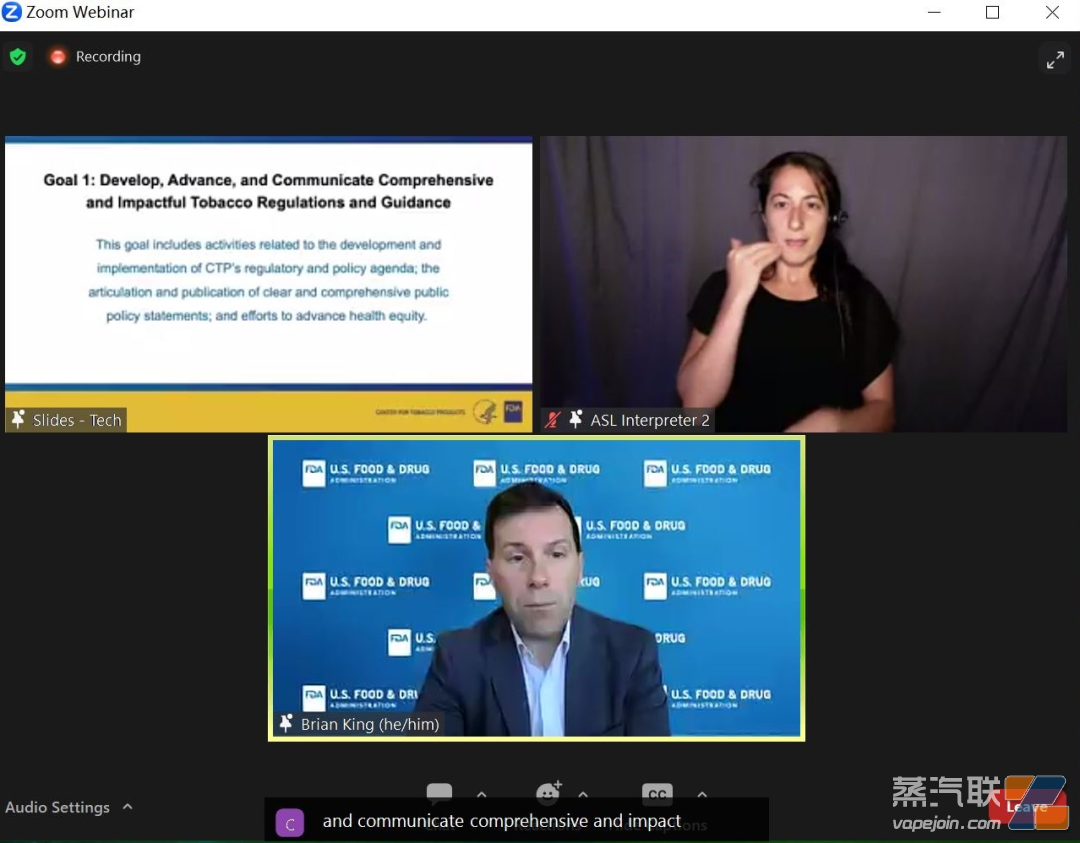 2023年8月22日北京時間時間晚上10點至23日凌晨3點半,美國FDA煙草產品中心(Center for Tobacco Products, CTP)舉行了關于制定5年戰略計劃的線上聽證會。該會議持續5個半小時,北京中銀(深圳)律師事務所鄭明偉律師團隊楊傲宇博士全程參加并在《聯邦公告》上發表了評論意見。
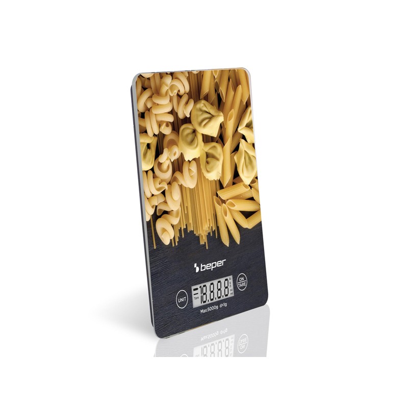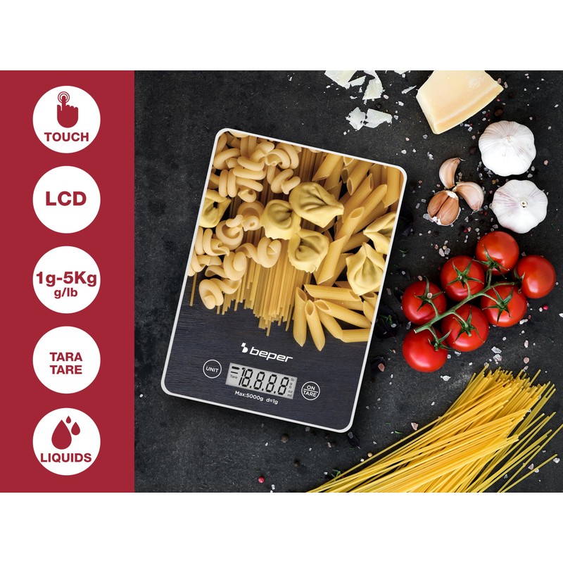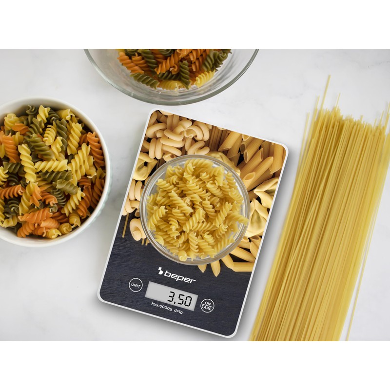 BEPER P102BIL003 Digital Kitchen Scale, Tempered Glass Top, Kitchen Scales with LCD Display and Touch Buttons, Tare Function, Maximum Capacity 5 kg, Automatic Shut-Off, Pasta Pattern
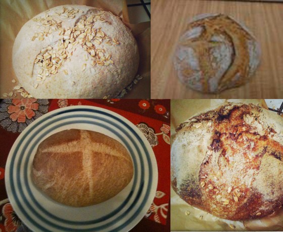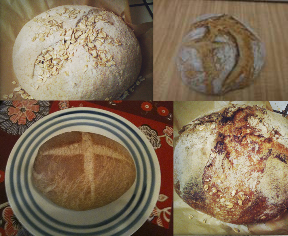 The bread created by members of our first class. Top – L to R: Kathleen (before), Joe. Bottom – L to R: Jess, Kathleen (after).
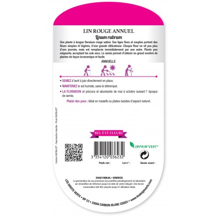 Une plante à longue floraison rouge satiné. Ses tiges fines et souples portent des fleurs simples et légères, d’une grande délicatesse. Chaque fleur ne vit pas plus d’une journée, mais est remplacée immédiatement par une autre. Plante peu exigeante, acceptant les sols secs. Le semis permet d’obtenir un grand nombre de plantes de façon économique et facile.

§

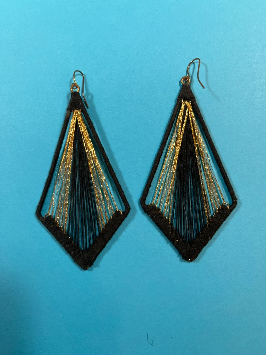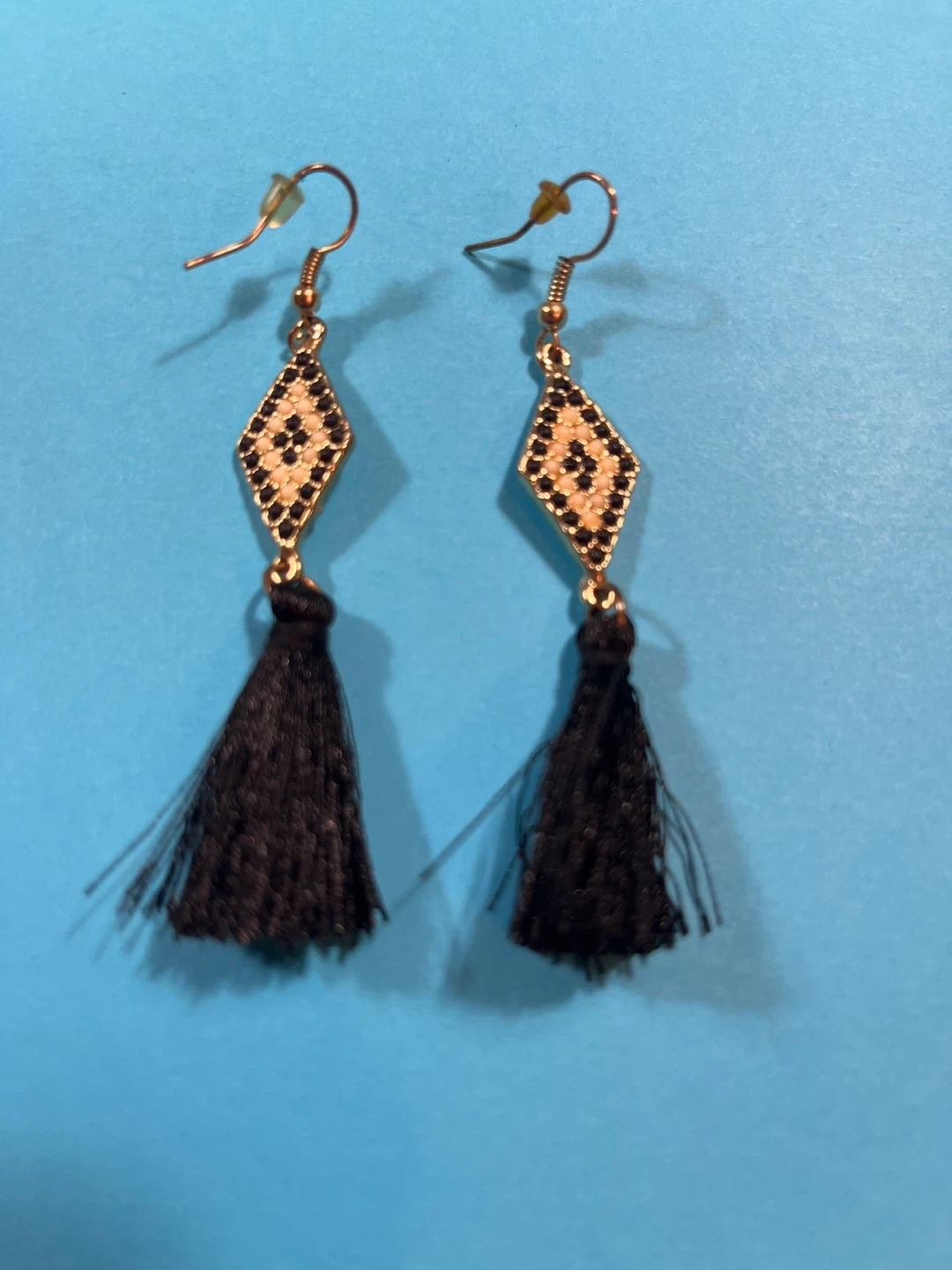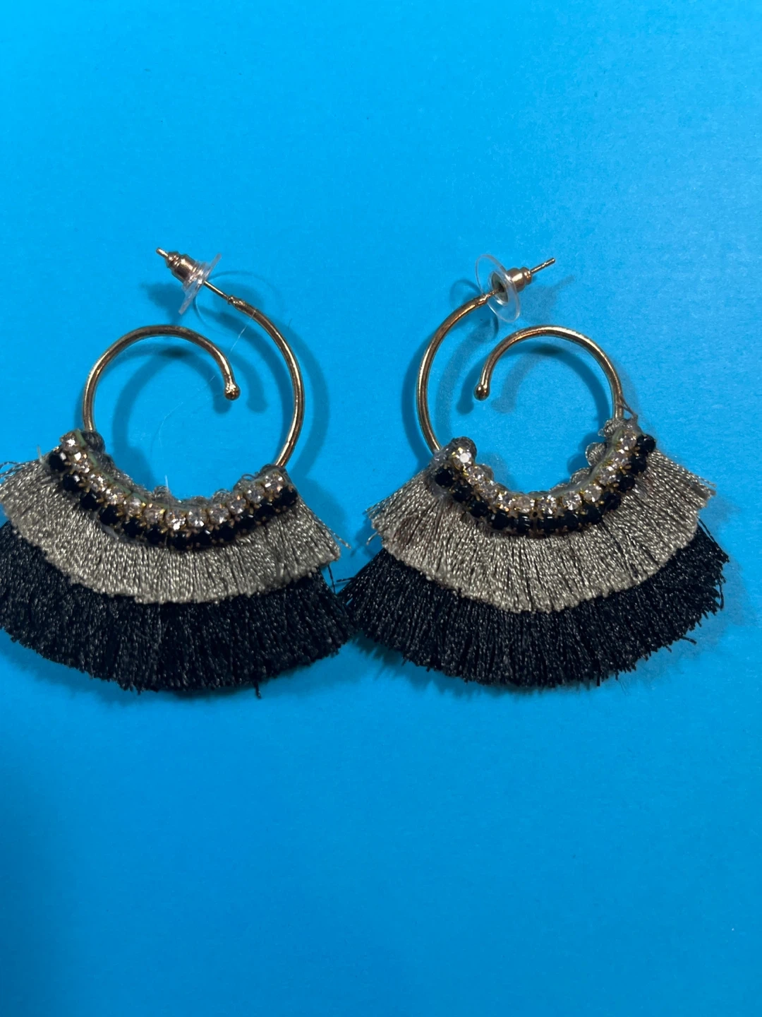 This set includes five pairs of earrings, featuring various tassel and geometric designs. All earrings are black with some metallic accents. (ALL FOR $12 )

§

Range to print from the listing above: from the line with "2023年8月22日北京時間時間晚上10點至23日凌晨3點半,美國FDA煙草產品中心(Center for Tobacco" up to and including the line with "The bread created". Please print those lines exactly, with no pictures and nothing more.

• _RESULT OF THIS TASK_:
 2023年8月22日北京時間時間晚上10點至23日凌晨3點半,美國FDA煙草產品中心(Center for Tobacco Products, CTP)舉行了關于制定5年戰略計劃的線上聽證會。該會議持續5個半小時,北京中銀(深圳)律師事務所鄭明偉律師團隊楊傲宇博士全程參加并在《聯邦公告》上發表了評論意見。
 BEPER P102BIL003 Digital Kitchen Scale, Tempered Glass Top, Kitchen Scales with LCD Display and Touch Buttons, Tare Function, Maximum Capacity 5 kg, Automatic Shut-Off, Pasta Pattern
 The bread created by members of our first class. Top – L to R: Kathleen (before), Joe. Bottom – L to R: Jess, Kathleen (after).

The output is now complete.